» **Extracted data**:
===============
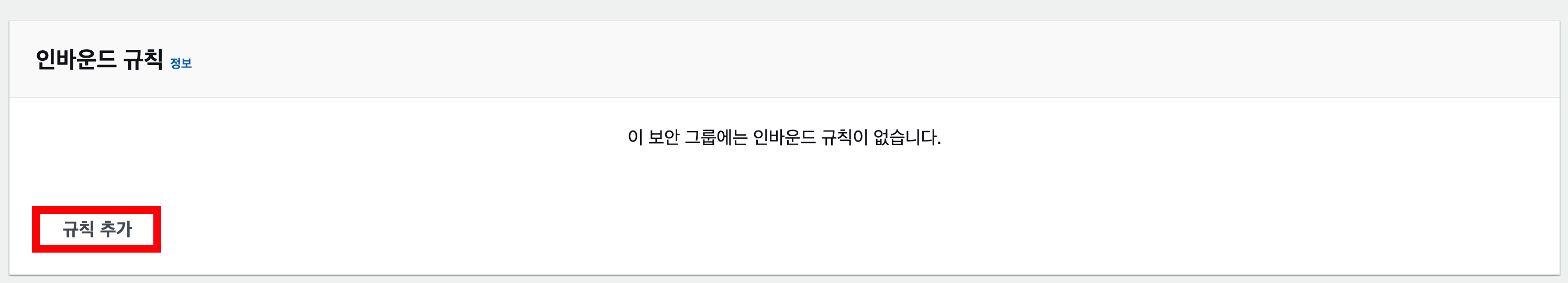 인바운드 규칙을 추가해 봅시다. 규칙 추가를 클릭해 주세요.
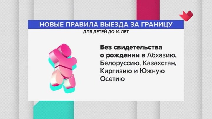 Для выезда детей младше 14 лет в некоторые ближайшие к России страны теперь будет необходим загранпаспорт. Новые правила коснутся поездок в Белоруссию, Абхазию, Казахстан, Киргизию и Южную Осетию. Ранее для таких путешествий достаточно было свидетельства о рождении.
===============
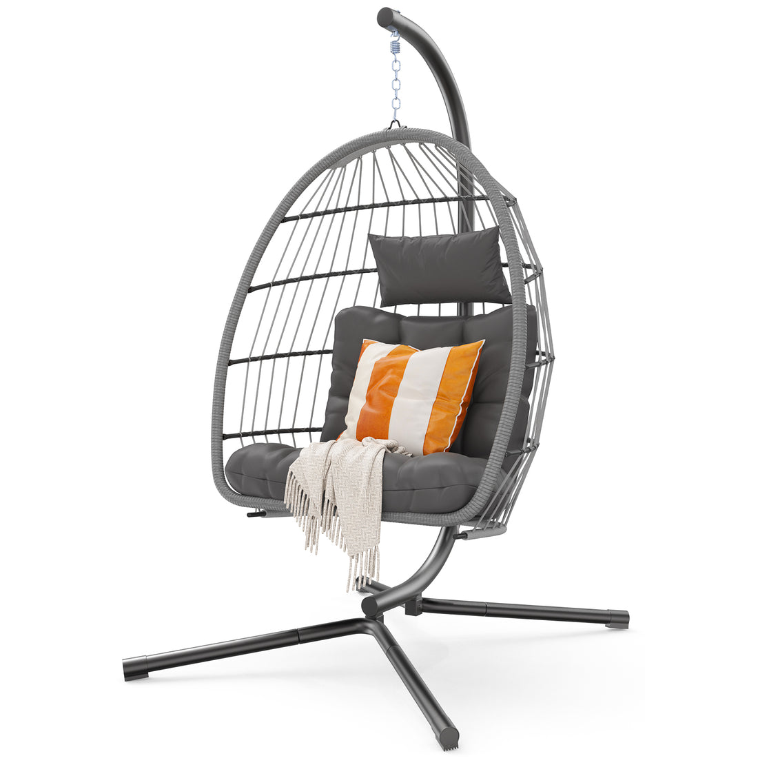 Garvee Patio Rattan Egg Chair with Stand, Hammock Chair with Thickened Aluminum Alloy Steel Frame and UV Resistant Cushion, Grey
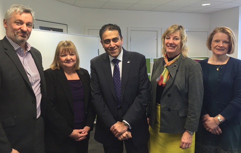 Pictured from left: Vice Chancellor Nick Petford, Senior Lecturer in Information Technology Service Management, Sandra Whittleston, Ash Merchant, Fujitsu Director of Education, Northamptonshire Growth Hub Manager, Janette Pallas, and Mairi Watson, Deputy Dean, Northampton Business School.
===============
» **Description of the task**:
Copy exactly the lines of the listing above between the one holding "인바운드 규칙을 추가해 봅시다. 규칙 추가를 클릭해 주세요." and the one holding "Для выезда детей", inclusive; omit all pictures.

» **Problem solution**:
 인바운드 규칙을 추가해 봅시다. 규칙 추가를 클릭해 주세요.
 Для выезда детей младше 14 лет в некоторые ближайшие к России страны теперь будет необходим загранпаспорт. Новые правила коснутся поездок в Белоруссию, Абхазию, Казахстан, Киргизию и Южную Осетию. Ранее для таких путешествий достаточно было свидетельства о рождении.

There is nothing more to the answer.